1) The RFC specifies millisecond timestamp granularity by default.
2) All advanced UUIDv7 implementations include a counter:
• for JavaScript https://www.npmjs.com/package/uuidv7
• for Rust https://crates.io/crates/uuid7
• for Go (Golang) https://pkg.go.dev/github.com/gofrs/uuid#NewV7
• for Python https://github.com/oittaa/uuid6-python
3) The theoretical performance of generating UUIDv7 without loss of monotonicity for microsecond granularity is only 1000 UUIDv7 per millisecond. This is very low and insufficient generation performance! But the actual generation performance is even worse, since the generation demand is unevenly distributed within a millisecond. Therefore, a UUIDv7 will not be generated every microsecond.
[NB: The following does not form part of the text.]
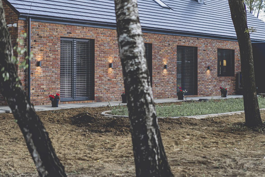 Ukryte rynny to detal, który dodaje nowoczesności tradycyjnej formie budynku. Pozwalają zachować czystą, uporządkowaną bryłę bez widocznych elementów technicznych na elewacji. To subtelne rozwiązanie podkreśla charakter projektu domu ceglanego i podnosi jego estetyczną jakość.

For a counter 18 bits long, with the most significant bit initialized to zero and the remaining bits initialized to a random number, the actual performance of generating a UUIDv7 without loss of monotonicity is between 2 to the power of 17 = 131072 UUIDv7 per millisecond (if the random number happens to be all ones) to 2 to the power of 18 = 262144 UUIDv7 per millisecond (if the random number happens to be all zeros). This is more than enough.
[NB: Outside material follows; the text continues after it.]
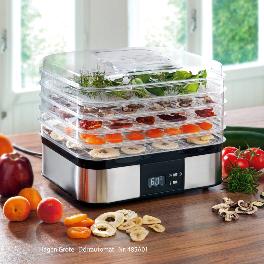 Die mit Abstand besten Ergebnisse erzielen Sie mit einem hochwertigen Dörrautomat . Die kompakten Automaten verfügen über ein Heizelement mit Gebläse. Darüber befinden sich übereinander stapelbare Gitterelemente, auf welche die Lebensmittel verteilt werden. Für ein gelungenes Ergebnis sollten die Stücke oder Scheiben neben- und nicht übereinander liegen. So kann der warme Luftstrom das Dörrgut ungehindert umströmen. Hochwertige Dörrautomaten halten exakt die vorgegebene Temperatur, der Timer regelt die Dörrzeit. Viele Automaten ermöglichen zudem das Dörren in Rohkost-Qualität (bis 40 °C), bei dem besonders viele Vitamine erhalten bleiben. Bei dieser Dörrmethode ist die Haltbarkeit allerdings kürzer. Insgesamt ist ein Dörrautomat deutlich energieeffizienter als der Backofen.

4) Microsecond timestamp fraction subtracts 10 bits from random data, which increases the risk of collision. In the counter, almost all bits are initialized with a random number, which reduces the risk of collision.
The only reasonable use of microsecond granularity is when writing to a database table in parallel. However, monotonicity in this case can be ensured in another way, namely a single UUIDv7 generator per database table, similar to SERIAL (https://postgrespro.com/docs/postgresql/16/datatype-numeric#DATATYPE-SERIAL) in PostgreSQL.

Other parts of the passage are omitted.